Other similar methods utilized embossed papers [2,39,40] for representing documents. In this approach, variant heights and textures are assigned to document elements. Another study followed a similar approach but used wooden stacked laser-cut pieces to convey the document [41]. A significant advantage of these printed tactile materials is that they are affordable; however, they only convey static layouts. Once printed, they cannot be altered and provide no interactions. In comparison, 2D refreshable tactile displays can surpass these conventional layout representation methods by providing blind and visually impaired individuals with a dynamic and more user-friendly experience. This is achieved through the utilization of interactive features, including page toggling, panning, and zooming [42].
In the following section, we present our approach for automatically extracting layout information from complex documents and a new TUI for depicting the extracted information on 2D refreshable tactile displays.

3. Materials and Methods

In this section, we introduce our proposed system for making document layout accessible using 2D tactile refreshable displays. The system consists of two primary modules, as depicted in Figure 1: Figure 1a, layout extraction module; Figure 1b, TUI module. The layout extraction module runs on a server and consists of a trained detection model to extract metadata from documents automatically. The metadata contain the spatial layout information and the textual data. The metadata are then passed to the tactile representation module, which converts the extracted metadata into a tactile format that can be displayed on 2D refreshable tactile displays. Additionally, this module handles user interactions in the form of touch and button clicks, and provides users with audio feedback.
The interface was tested on the Metec Hyperbraille 2D refreshable tactile display [43]. The device features 60 by 104 actuators (pins) and a resolution of 10 dpi. It incorporates touch capabilities on its tactile surface. The device’s hardware features a total of 19 buttons. These include two sets of navigation buttons on both sides of the tactile surface and a scroll button at the bottom. The device operates through an application programming interface (API) that enables the user to control the actuators and program the functionality of the buttons. In the following section, we present a detailed examination of the two modules in our proposed system.

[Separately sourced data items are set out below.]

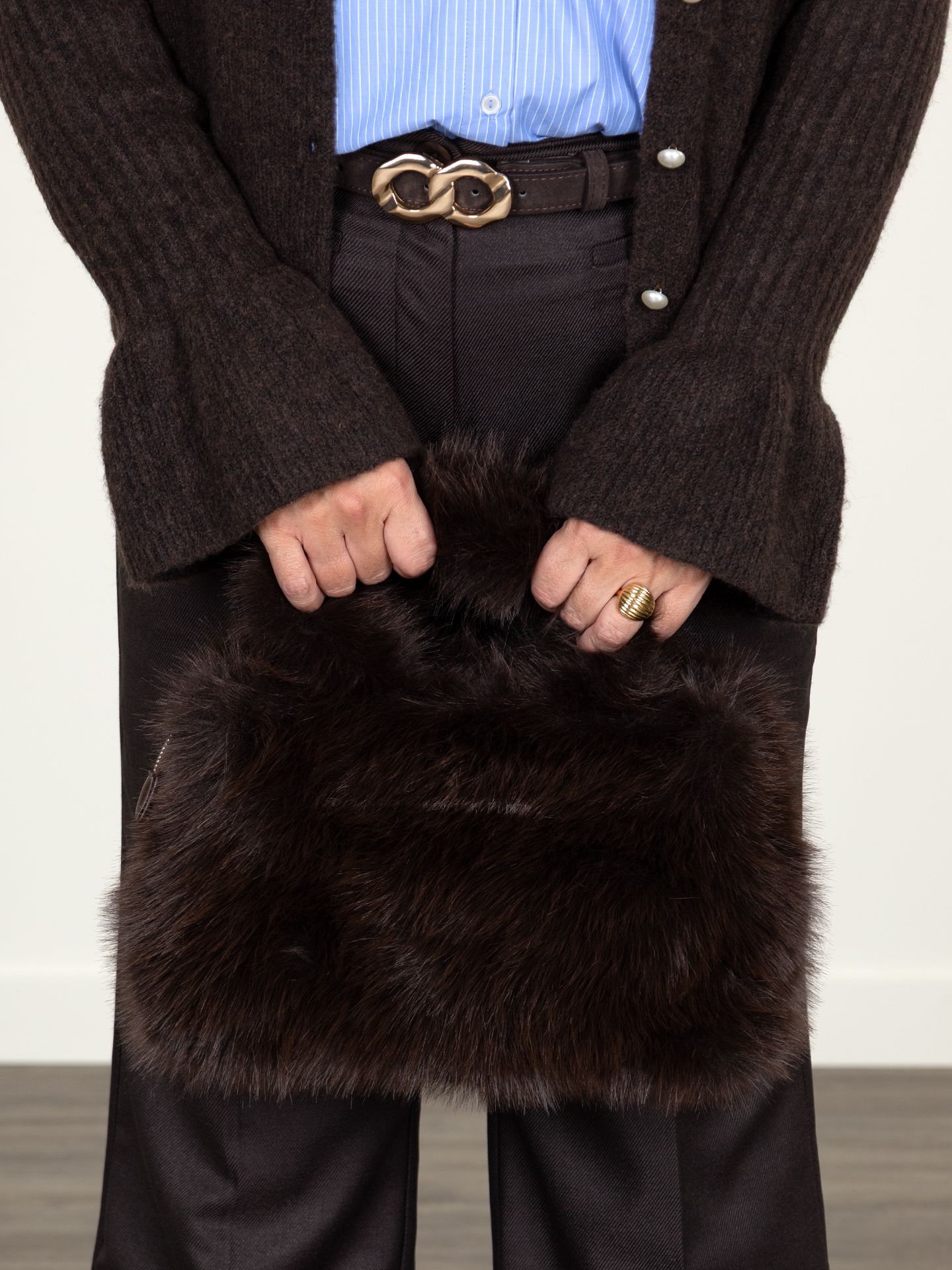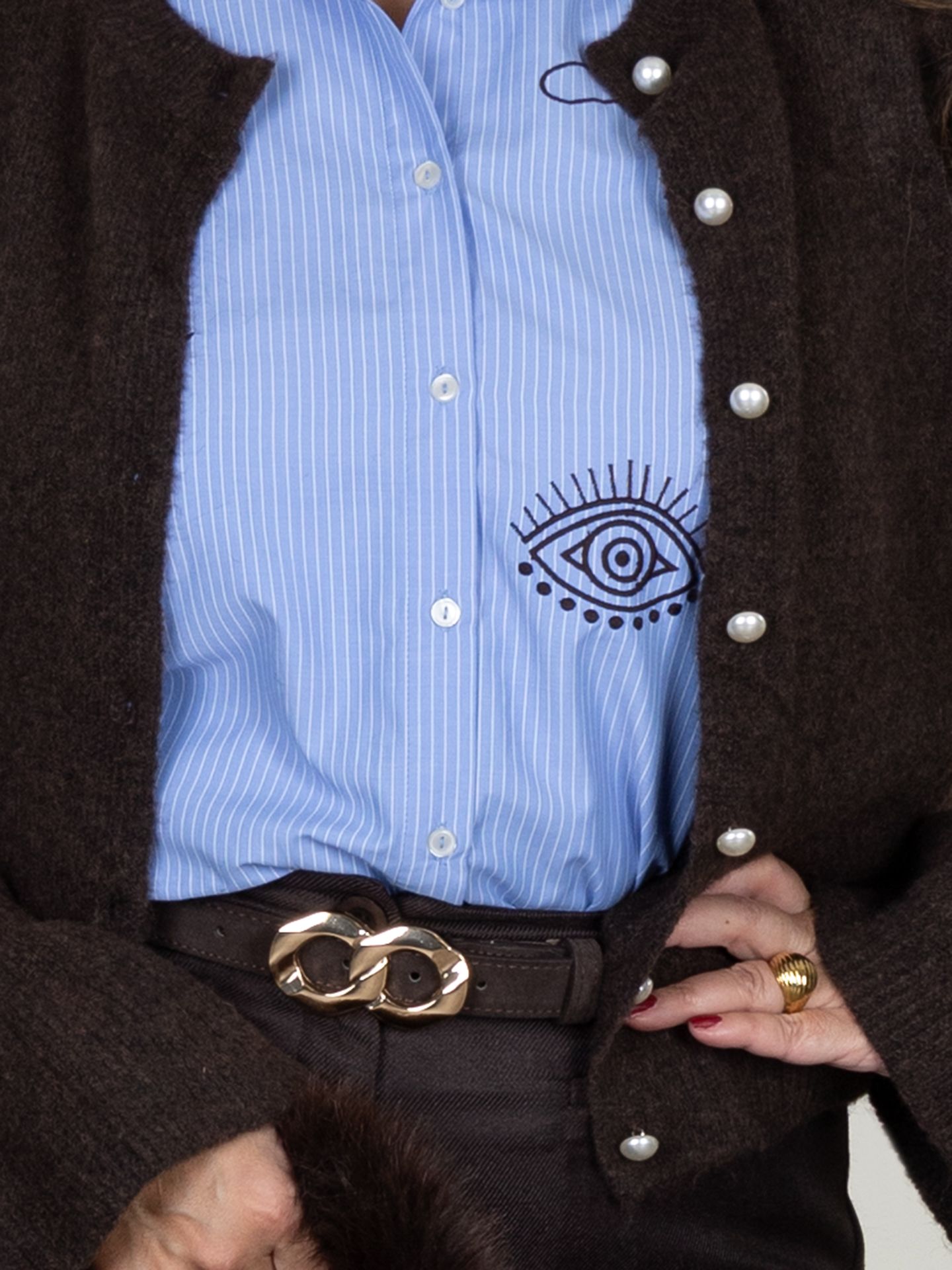 Debby is 1,67 m. zij draagt de broek in maat L, de blouse in maat M en het vest is one size.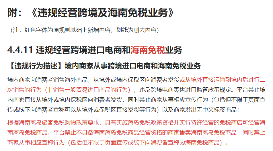 近日,抖音電商發(fā)布《商家違規(guī)行為管理規(guī)則》之《違規(guī)經(jīng)營跨境及海南免稅業(yè)務(wù)》更新公示通知,新增了“境內(nèi)商家不得從事海南免稅業(yè)務(wù)”的規(guī)定。該規(guī)范將于2022年3月31日生效執(zhí)行。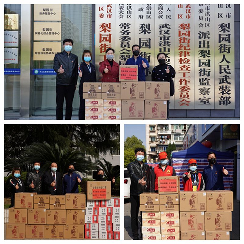 3月16日,黃鶴樓酒業總經理助理、銷售公司常務副總經理王超前往洪山區梨園街、青山區鋼花街和武漢普仁醫院開展暖心慰問活動,并捐贈13萬元防疫物資。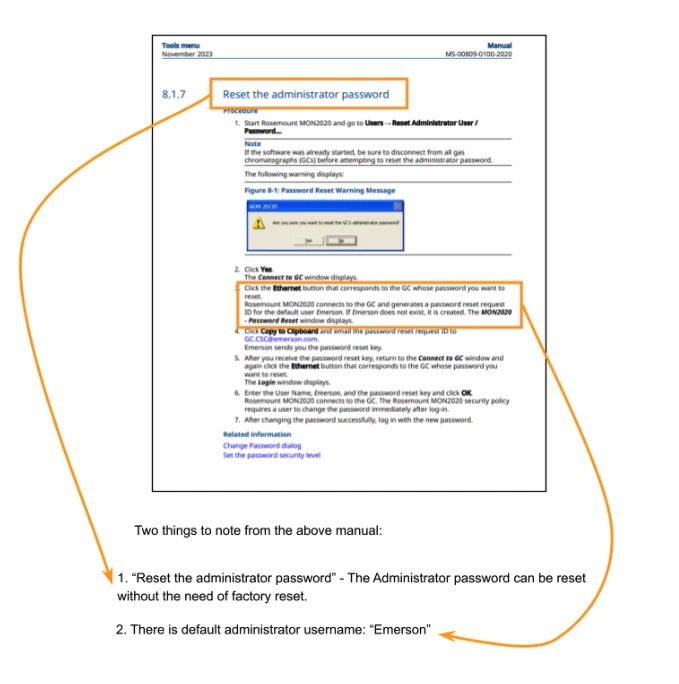 In Emerson Rosemount GC370XA, GC700XA, and GC1500XA products, an unauthenticated user with network access could bypass authentication and acquire admin capabilities.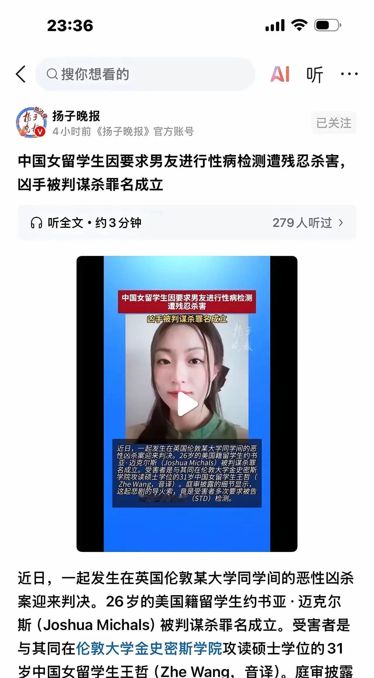 太可惜了,一个貌美如花的中国女生,因再三要求男友做性病检查,结果惨遭杀害,被勒死!这位31岁的中国女留学生叫王哲,照片中她穿着一件绿色的旗袍,长得清秀婉约,在英国伦敦大学读研究生时,2023年和26岁的美籍留学生约书亚相识。 为何一个关乎健康的合理诉求,会成为夺走生命的利刃? 王哲的伦敦公寓里,还放着来英时带的中医养生书——她总说“身体是革命的本钱,尤其在陌生的地方”。 朋友回忆,她曾笑着展示手机里的健康打卡记录,“连奶茶都只喝三分糖,怎么会在这种事上妥协?” 约书亚第一次被要求做检查时,正窝在沙发上刷手机,漫不经心地回了句“我们之间需要的是信任,不是化验单”。 王哲当时没再坚持,只是默默把桌上的情侣杯往自己这边挪了挪——那是她跑了三家店才找到的同款青花瓷杯。 第二次提起时,是在学校图书馆门口,秋风卷着落叶掠过约书亚的牛仔夹克,他突然提高音量:“你是在怀疑我不干净?” 周围有同学侧目,王哲攥紧了书包带,指甲掐进掌心:“我不是怀疑你,是对我们俩负责,我可以先去做。” 约书亚没接话,转身走向地铁站,留给她一个带着寒意的背影。 矛盾真正爆发的那个傍晚,王哲刚从医院取回自己的体检报告,微信里给约书亚发了条消息:“我的报告没问题,你的预约截图发我一下好吗?” 三个小时后,约书亚出现在她公寓门口,手里捏着一瓶威士忌,眼神通红。 邻居听到争吵声时,窗外的晚霞正把天空染成血红色——“你到底在怕什么?”“你根本不懂什么是信任!”“这不是信任,是自欺欺人!” 然后是重物倒地的闷响,和短暂的、令人窒息的安静。 “文化差异不是遮羞布,”有网友在评论区敲下这句话,“当一方把‘自我保护’视作‘不信任’,悲剧就埋下了种子。” 王哲的朋友圈停留在遇害前三天,晒的是伦敦眼夜景,配文“希望所有相遇都能被真诚对待”。 “男人守国门,女人守血脉”的说法或许极端,但“不同价值观碰撞时,底线必须清晰”的提醒,却让无数人沉默。 有留学生在论坛留言:“在国外更要懂‘筛选’,不是所有‘爱情’都值得交付真心——王哲的悲剧,是对‘盲目信任’最痛的警示。” “我们的教育里,是不是少了‘如何识别危险信号’这一课?”另一条评论被顶到热评,“教接轨,也要教扎根;教开放,更要教设防。” 约书亚在法庭上辩解“是激情杀人”,可王哲旗袍领口绣着的那朵小兰花,永远停留在了未绽放的模样。 那些说“涉外婚姻失败是必然”的声音里,藏着多少本可避免的遗憾? 王哲的导师回忆,这个总带着温吞笑意的姑娘,曾在论文里写“差异可以被理解,但不能被牺牲”——只是她没料到,自己会成为这句话最沉重的注脚。 欲望与虚荣或许会让人迷失,但对健康的坚持、对底线的守护,从来不该是被指责的“多疑”。 伦敦大学的梧桐叶落了又生,再也等不到那个穿着绿色旗袍、抱着书本走进教学楼的中国女孩了。
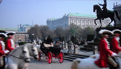 What happens here in the movie: Bond and Kara Milovy (Maryam d’Abo) take horse carriages to go to their hotel in Vienna.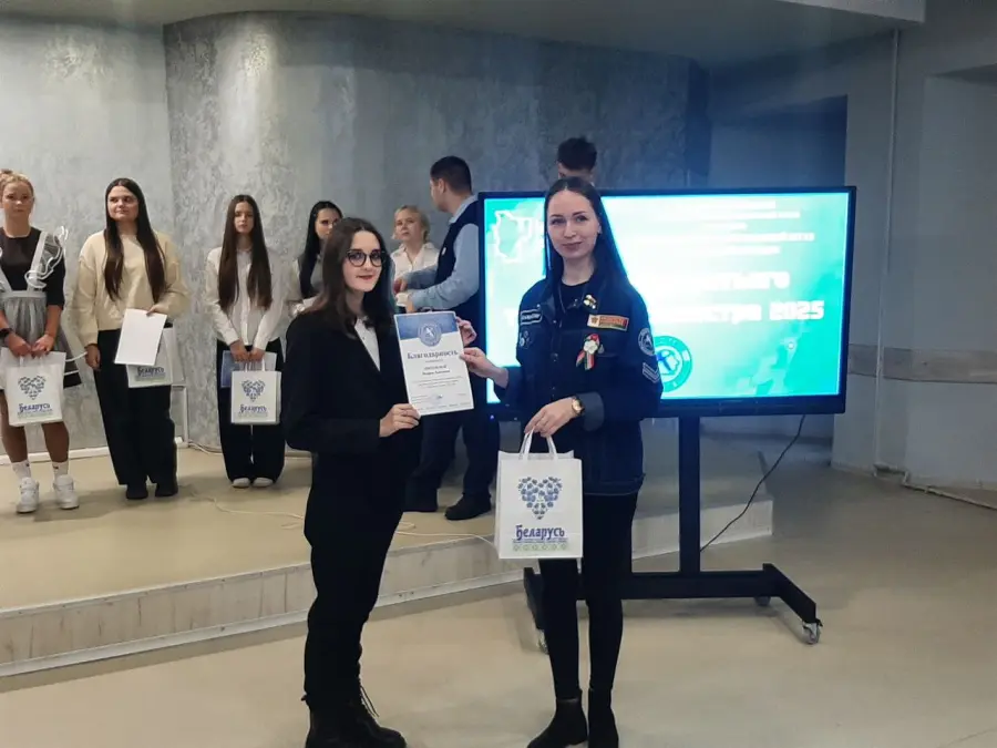 По результатам трудового семестра Пирумова Валерия была отмечена как лучший участник студотрядовского движения и награждена грамотой ОО БРСМ. В конце занятия ребята определили главные качества современного человека труда и создали коллаж.

3.1. Layout Extraction Module

Dataset: To enable effective document layout extraction, a model requires training on a diverse and representative document layout dataset. Among the primary datasets in this field is DocLayNet [21], a comprehensive collection covering categories such as financial reports, scientific articles, laws and regulations, government tenders, manuals, and patents. These categories share a standardized layout structure across sources; for instance, scientific articles from various publishers tend to exhibit similar sectioning and design. However, in real-world scenarios, layouts are often much more varied. We refer to these as artistic layouts—a category that includes visually complex documents like magazines—which are typically crafted by designers using multiple layers and artistic elements.
To address this gap, we propose the Artistic Document Layout (ArtDocLay) dataset in this paper [44]. The dataset was initially curated by crawling 1017 documents from Commoncrawl using a keyword-based filtering approach to capture eight unique artistic categories (refer to Table 1). We then manually selected 37 documents from each category, ensuring that each document showcased unique and varied layouts, even within individual pages. Following DocLayNet’s annotation guidelines, we labeled a total of 324 images and 3526 bounding boxes. Table 1 provides statistical insights into our dataset. We also provide training, validation, and test splits with a 70:10:20 percent ratio, respectively.
Model: To extract the layout of documents, we utilize object detection models. A crucial requirement for our model selection is the ability to operate in real-time and perform efficiently on low-power devices. For this purpose, we determined the YOLO family to be suitable, given its balance of speed and resource efficiency.
We employed the latest version, YOLOv10, as provided by Ultralytics. YOLOv10 is a single-shot detector, which makes it distinct from prior versions by incorporating NMS-free dual-label assignments and a holistic efficiency- and accuracy-driven model design. This design choice reduces computational redundancy, enhancing both speed and accuracy [16].
For comprehensive experiments, we trained all YOLOv10 variants, from YOLOv10-x (X-Large, with 29.5 Mparameters) to YOLOv10-n (Nano, with 2.3 M parameters). In the first stage, all models were trained on the DocLayNet dataset for 100 epochs, starting from COCO-pretrained weights made available by Ultralytics. In the second stage, we fine-tuned ArtDocLay’s training split for 10 epochs, using zero warmup for a smoother transition and a higher learning rate of 0.01 to accelerate learning on the new dataset. Table 2 summarizes the evaluation of the trained models on artistic document layouts.
For a fair evaluation, we ensured consistent image resolution across all models. Table 2 presents the test performance on the artistic dataset, highlighting the limited performance of models trained solely on the DocLayNet dataset, which is primarily suited to structured documents. This limitation is particularly relevant for blind users, as higher error rates can lead to frustration—such as when an element labeled as an image caption turns out to be a table or when captions go undetected entirely.
Our dataset, ArtDocLay, demonstrates a meaningful improvement, with YOLOv10-X showing a gain of +24.7 mAP50 and +12.0 mAP50:95 over DocLayNet alone. Qualitatively and quantitatively, this improvement means that bounding boxes are more accurately aligned with objects in the page, both in location and class. This alignment facilitates a better reading order and element identification, reducing hallucinations and enhancing accessibility for blind users. For inference speed, the YOLOv10-X variant achieved a runtime of approximately 6 ms on an NVIDIA A40 GPU.
In our framework, we utilize the X variant with a confidence threshold of 0.5. These predictions are then processed in subsequent steps to establish reading order and generate tactile layout representations, as detailed in later sections.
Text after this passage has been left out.